• Work to be completed:
Begin the copy at the line that contains "L’actuació més destacada", end it at the last line of the entries below, keep every word exact, and include no pictures.

[Dataset entries]

-*-

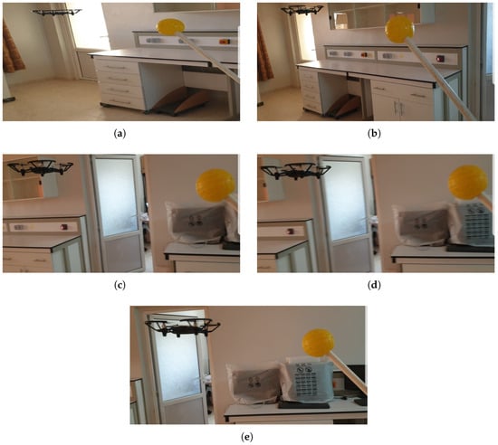 UAV tracking a moving target along a straight-line trajectory. (a) The UAV takes off from the ground, (b) approaches the ball, and (c) follows the ball’s motion; (d) continuous tracking as the ball moves; (e) completes the mission with successful and stable tracking of the ball.
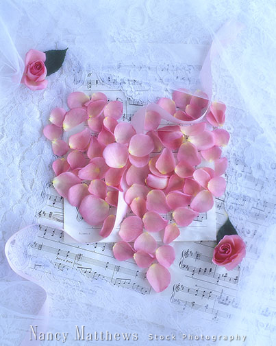 Description: heart of rose petals with sheet music
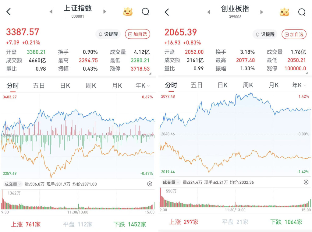 至收盘,上证综指涨0.21%,报3387.57点;科创50指数跌0.22%,报995.49点;深证成指涨0.44%,报10294.22点;创业板指涨0.83%,报2065.39点。
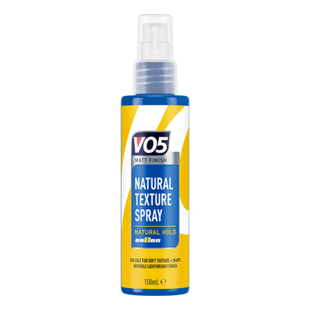 VO5 Natural Texture Spray gives you effortless style with lightweight hold. Contains Sea salt to provide the natural texture and more importantly is easy to work in and then wash it out.
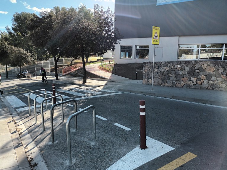 L’actuació més destacada s’ha dut a terme a l’entrada del CEM Can Roca (carrer Doctor Trueta), on s’han instal·lat dos aparcapatinets i un total de 9 aparcabicicletes. A més, s’han col·locat dues noves pilones per tal de protegir la zona. Es tracta d’un treball que té la finalitat de promoure la mobilitat sostenible.
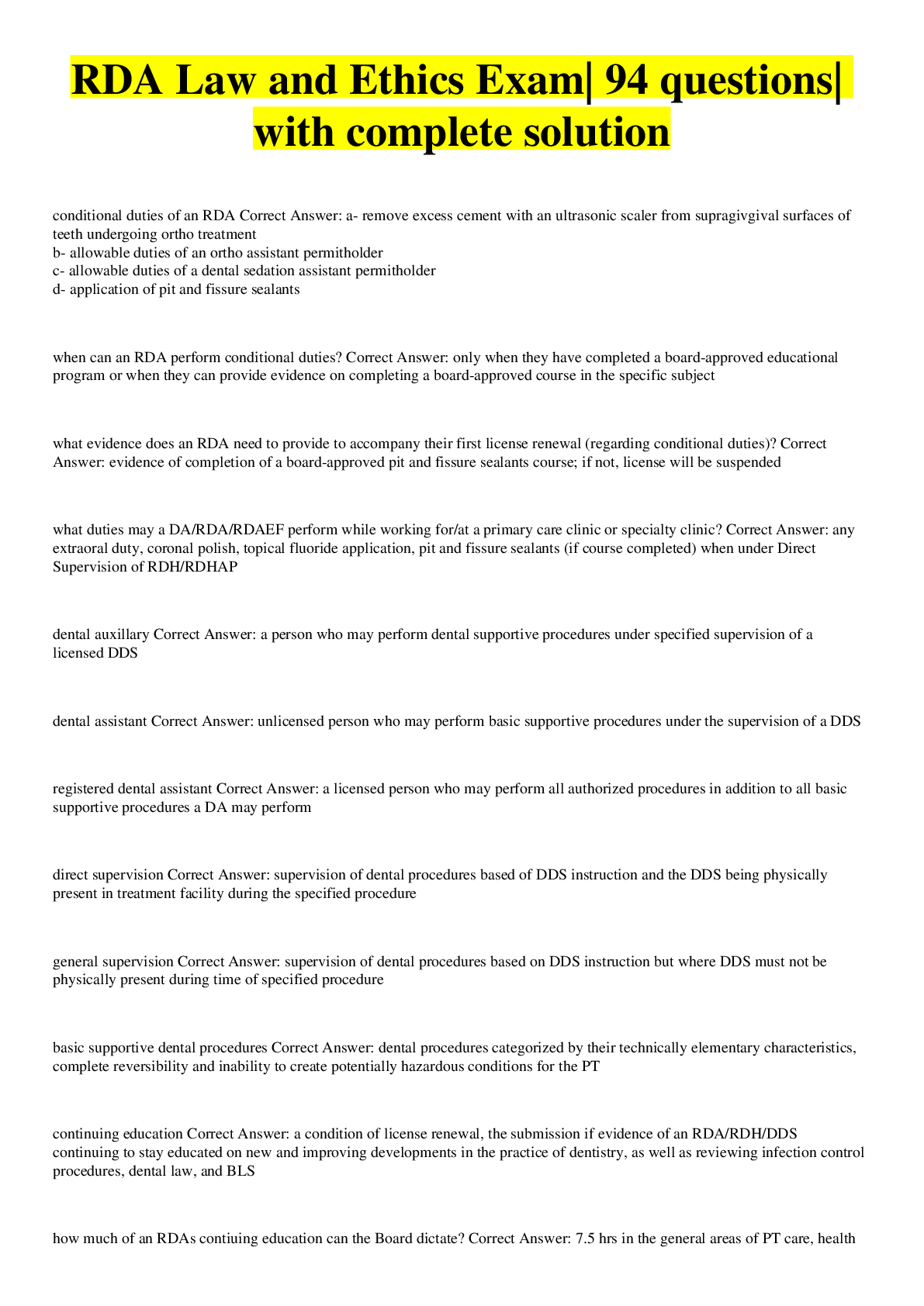 Philosophy > EXAM > RDA Law and Ethics Exam Questions And Answers 2022 (All)

-*-

• Result:
 L’actuació més destacada s’ha dut a terme a l’entrada del CEM Can Roca (carrer Doctor Trueta), on s’han instal·lat dos aparcapatinets i un total de 9 aparcabicicletes. A més, s’han col·locat dues noves pilones per tal de protegir la zona. Es tracta d’un treball que té la finalitat de promoure la mobilitat sostenible.
 Philosophy > EXAM > RDA Law and Ethics Exam Questions And Answers 2022 (All)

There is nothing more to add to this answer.